How to Reduce Your Brokerage Fees

5 mins read
by Angel One

Stocks allow for individuals to lay claim on varied businesses by investing a portion of their money in a given company. This provides them with ownership to a fraction of the company along with its assets and profits equivalent to the quantity of stocks they possess. Multiple stocks of a single kind are referred to as shares. Companies benefit by opening up their ownership in this fashion as it fuels their operations and allows them to be more fiscally solvent. They issue new shares as and when they need to raise additional capital. Buyers can invest in either common or preferred stocks based on the gamble they are willing to take.

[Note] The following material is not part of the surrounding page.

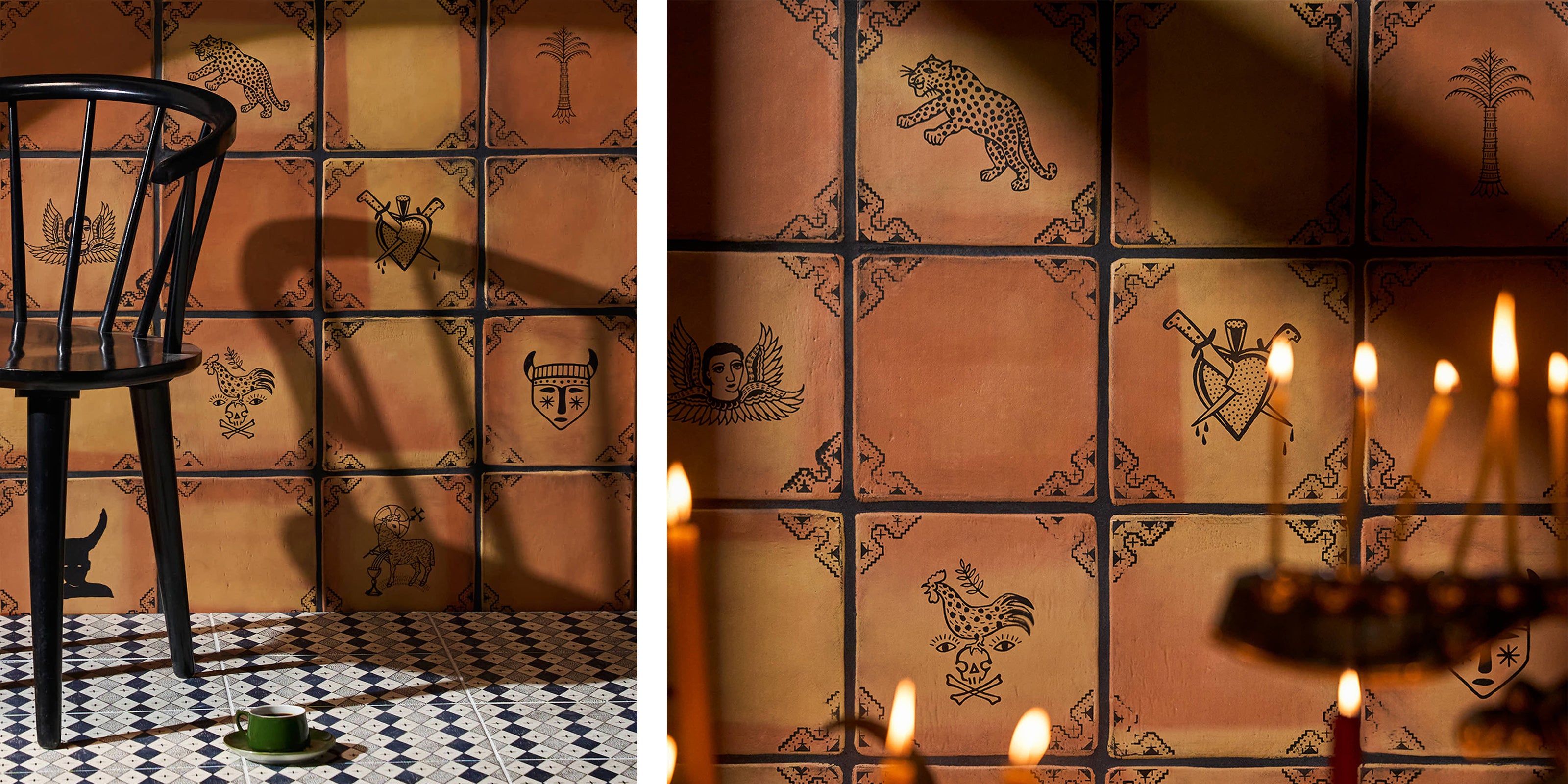 His artistry flows seamlessly into the world of tile, where saints and sinners coexist and where art merges with design. Blending historical, cultural, and sacred influences, Pauly creates a style that is unmistakably his own.

Buyers and sellers of varied stocks constitute the stock market. Within the stock market trades can be electronic, over the counter or via varied stock exchanges. Stock exchanges provide the infrastructure within which the sale and purchase of these stocks is made. This includes assuring its participants of price transparency, liquidity, price discovery and fair dealings over the course of all trading activity. The stock market contains a roster of all companies that offer public investors with the opportunity to avail of their shares. In addition to stocks, financial securities of a different nature can also be traded. These include commodities, currencies and bonds. Stock markets allow for secure and regulated environs under low operational risks.

What are brokerage fees?

In order to help buyers navigate the stock market with ease varied units operate as professional traders. They may be individual brokers or registered representatives who act alone or under a brokerage firm. Brokers derive a revenue on a commission basis although their manner of compensation may vary based on their employer. Historically, brokerage fees have been expensive as they offer a wide range of services most of which contribute to the generation of wealth. Brokerage fees exist in order to cover a wide range of costs including those associated with maintaining client accounts, research, and providing access to investment platforms. They may be a fixed payment or could cut into a given percentage of the balance available in a clients account. They may also be used as an insurance in instances of if dormant client accounts.

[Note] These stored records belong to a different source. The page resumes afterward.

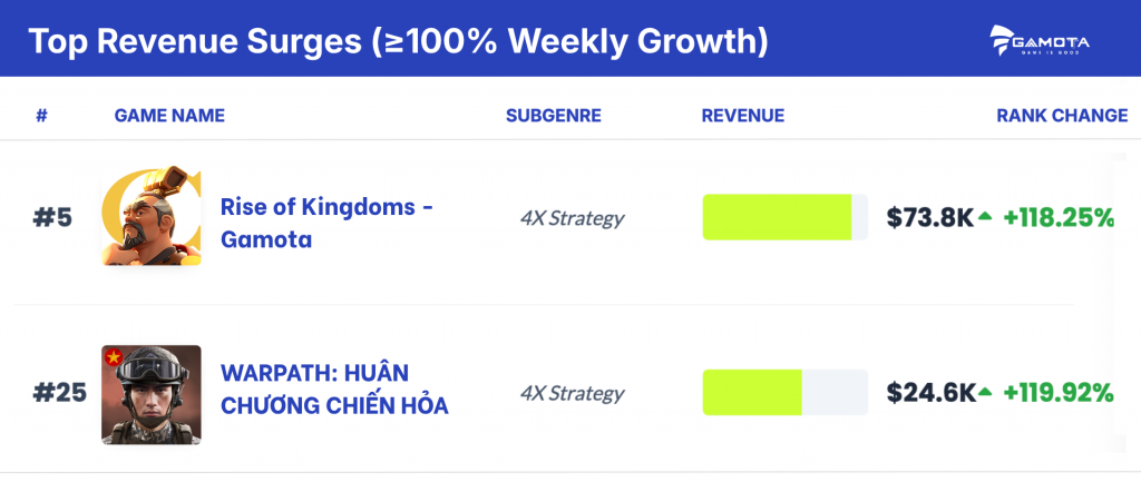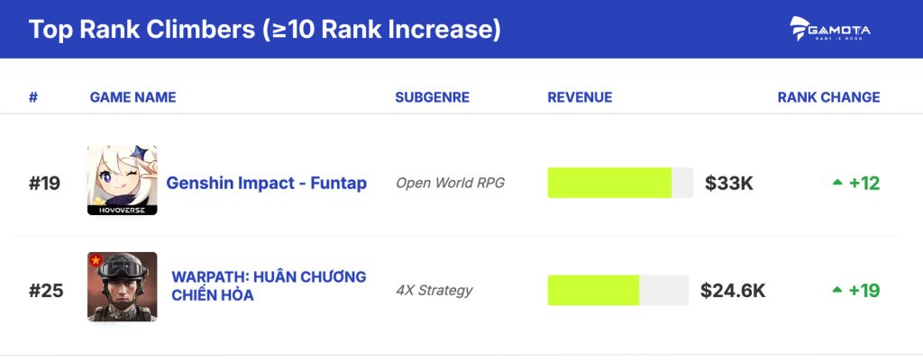 - Một số tựa game ghi nhận tăng trưởng đồng thời về thứ hạng và doanh thu, tiêu biểu như WARPATH: Huân Chương Chiến Hỏa, thay vì chỉ biến động ở một chỉ số.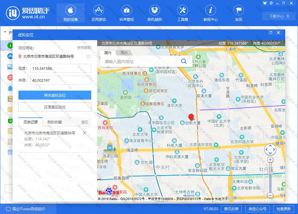 1.手机数据线连接电脑,打开i4助手->虚拟定位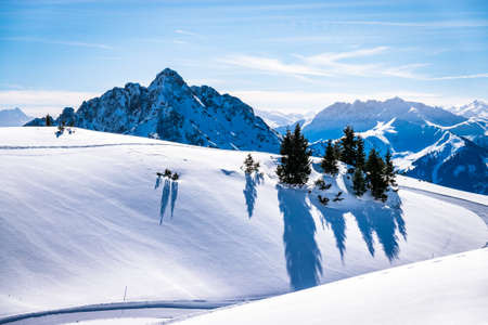 Mountains with snow in winter. Ski resort Soll, Tyrol, Austria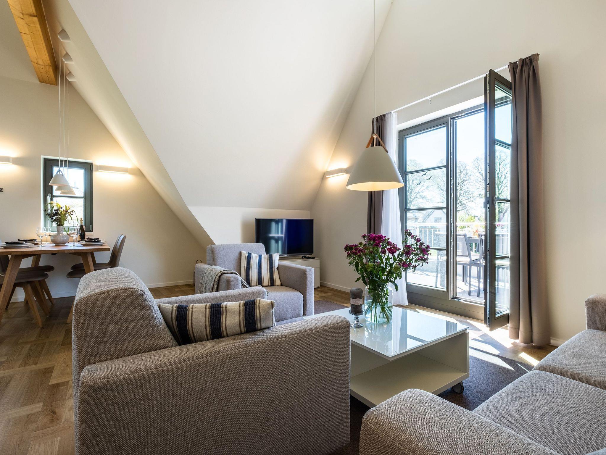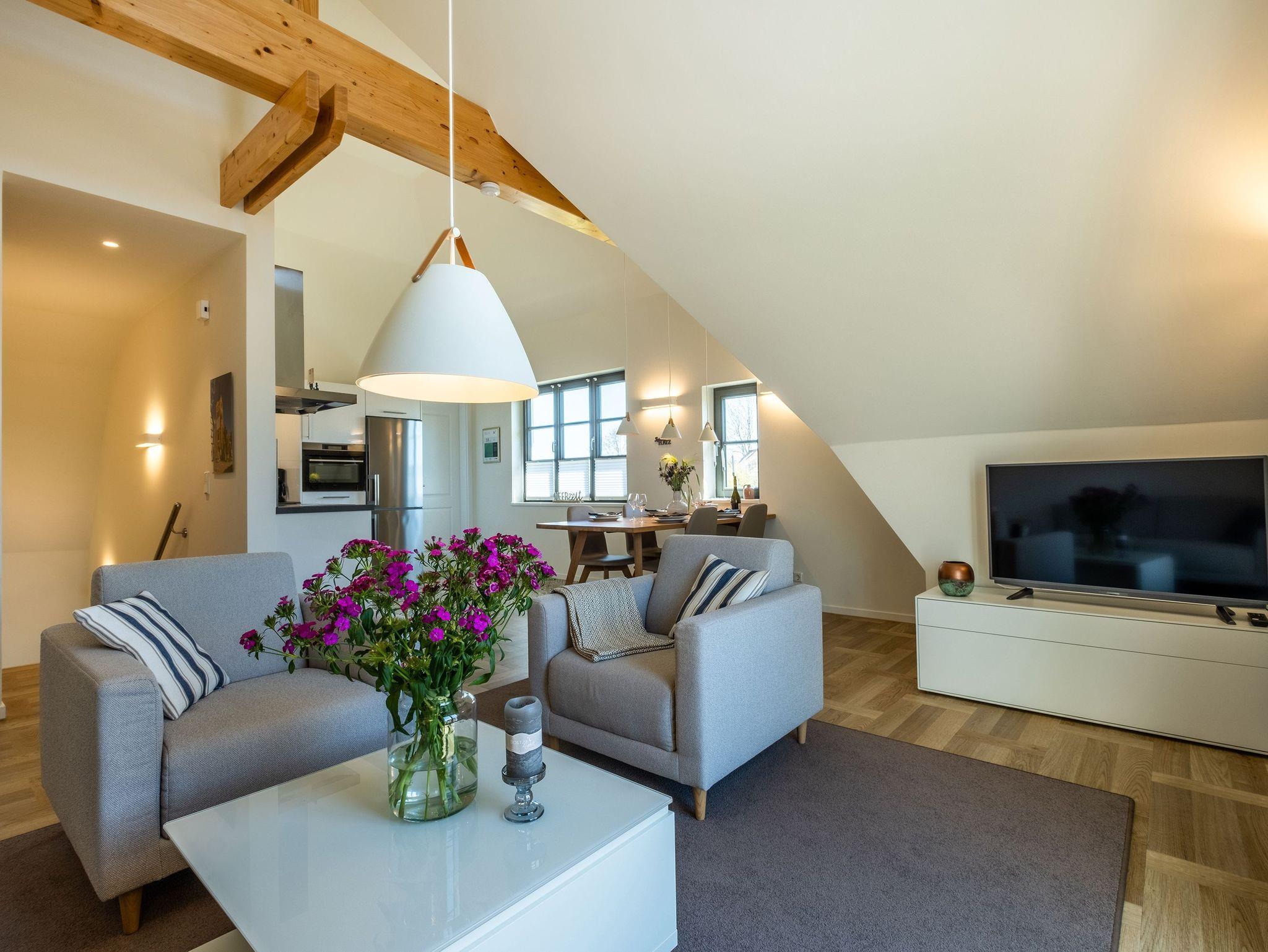 Die moderne und helle Ferienwohnung ist hochwertig ausgestattet. Sie verfügt über eine komplett eingerichtete Einbauküche mit Spülmaschine, Mikrowelle, Induktionsherd und großem Kühlraum mit separatem Gefrierabteil sowie Kaffeemaschine, Wasserkocher und Toaster. Ebenfalls verfügt die Wohnung über eine Waschmaschine. Der Wohnraum ist durch die ca. vier Meter hohe offene Decke geprägt und die fast 12m² große Dachterrasse bietet einen weiten Blick über die Felder, auf das Haff und Wasser. Das große Tageslichtbad ist mit einer bodentiefen Dusche mit Glasabtrennung ausgestattet. Das Hauptschlafzimmer verfügt über ein Doppelbett und das zweite Schlafzimmer über zwei Einzelbetten. Bei allen Betten handelt es sich um Boxspringbetten. Im Wohnzimmer, sowie in einem Schlafzimmer befinden sich jeweils ein Flachbildfernseher.

What is discount brokerage, when did it begin & what does it allow for?

Prior to the ease with which the internet and virtual communication were made possible, being able to afford a broker was an expensive enterprise. With advances made in the digital world it is now possible to consult brokers and avail of their services over different mediums. Most brokers providing services online offer these to a wider gamut of investors – some of whom have a smaller spending capacity. This has brought about the creation of discount brokers who offer only a limited range of services as opposed to full-service brokers. The latter provide their clients with personal consultations, tax and estate planning services. As discount brokers offer limited services, their brokerage fees aren’t as exorbitant, making them feasible options for those looking to cut costs. This is especially beneficial to those investors who actively buy and sell securities on the regular. Traders who have concise portfolios or those that only want trades executed on their behalf account for clients of discount brokers.

Ways to reduce brokerage fees –

By honing one’s investing knowledge one can potentially afford to select a discount broker rather than one that provides full-service thereby reducing brokerage fees. This of course means that one needs to be fluent with the market which more often than not only occurs over a period of time. Current financial status and financial goals need to be considered before deciding whether reducing brokerage fees and availing of a fraction of the traditional services provided is a viable option for you. Additionally, brokerage fees can be reduced by the following methods –

(i) Investing in exchange-traded funds (ETFs) rather than mutual funds as they almost always have lower expense ratios than mutual funds at par with them. ETFs are good options for those who have limited investment and market experience. They allow for investors to carry out long term goals as they are more passive in nature.

(ii)  Stocks that ask for front-end / entry loads – commissions paid at the time of purchase of a stock, or back-end / exit loads – fees paid when stocks are redeemed or so, can be avoided in order to reduce expenses.

(iii) Availing of robo-advisory services rather than those of traditional brokerage companies or professionals. Although the assets under advisory within Indian robo-advisories is comparatively lower than those in the United States or the United Kingdom, they are promising. Since robo-advisories don’t make use of any given individual to physically manage client accounts – as they are automated, their inhouse costs of operating are lower. They can therefore afford to charge prospective clients lowers fees. Presently, the vast majority of those taking advantage of robo-advisories are young people and millennials aged between 25 and 38 years old as per a survey conducted by CAMS in 2019.

(iv) Understand the difference between intraday trading charges and delivery charges. The former constitutes a smaller percentage as shares are bought and sold within a given day. The latter costs more due to stocks being held for a longer period of time.

(v)  Always look for benefits which range from brokerage cashback to discounts on Annual Maintenance Charges (AMC) directed towards your demat account.

(vi) Familiarize yourself with all fees associated with availing of brokerage services – including those that might be hidden such that you aren’t caught unawares in the future and don’t overspend. Brokerage firm disclosures highlight potential conflicts of interest. They must be read and understood prior to availing their services.